Cuando le comenté que no lograba darle un orden a la suma de textos que conformarían mi libro, como arma de seducción él se ofreció rápidamente a ayudarme. Así fue como inauguramos un trabajo en colaboración que mantuvimos durante años. Antes de entregar un original a la editorial esperábamos las sugerencias del otro. Mi ex mantuvo esa costumbre incluso más allá de nuestra separación. Yo, en cambio, unos años antes  de ese acontecimiento, necesité liberarme del ojo crítico de él para entender mejor cuáles eran mis propias limitaciones y preferí que leyera mis libros después de publicados. (Según mi analista de ese entonces, liberarme de esas críticas fue un paso para liberar mis propios escritos de algunas ataduras retóricas de las que yo misma me quejaba).

Eran épocas en las que la costumbre de concurrir a un taller literario todavía no estaba naturalizada. De hecho, nuestra generación los empezó a implementar tímidamente como un medio de supervivencia, pero con la secreta convicción de que se trataba de algo un tanto espurio. Como el enemigo por entonces eran para nosotros los “temas”, los “referentes”, los “contenidos”, resultaba difícil sortearlos si uno quería a la vez trasmitir alguna enseñanza de escritura. Yo, por ejemplo, escribí en 1977 un texto en el que publicitaba mi “laboratorio de escritura” abriendo paraguas de antemano: ofrecía, usando la metáfora del laboratorio, lo que yo creía era una opción más cool, una especie de intermedio entre el grupo de estudios (formato que sí valorábamos en ese entonces) y el taller literario.

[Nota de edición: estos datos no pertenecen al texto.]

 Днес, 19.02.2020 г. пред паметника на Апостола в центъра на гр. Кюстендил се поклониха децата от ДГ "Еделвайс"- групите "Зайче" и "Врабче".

Pretendía, no sé bien de qué manera, pasar información teórica al mismo tiempo que daba a los participantes una devolución de lo que producían. Se ve que quería preservarme de tener que meter mano en esos “contenidos” comunicables que latían en el corazón de los escritos ajenos. Mi coraza era la teoría y quería parecerme más a Masotta con sus exitosos grupos de estudios que a algún escritor norteamericano enseñando en el writing program de una universidad. Por ese entonces yo llamaba con desprecio “pragmatismo norteamericano” a una práctica que con los años entendí hasta qué punto servía para interrumpir de cuajo el malsano solipsismo que suele atacar a los escritores.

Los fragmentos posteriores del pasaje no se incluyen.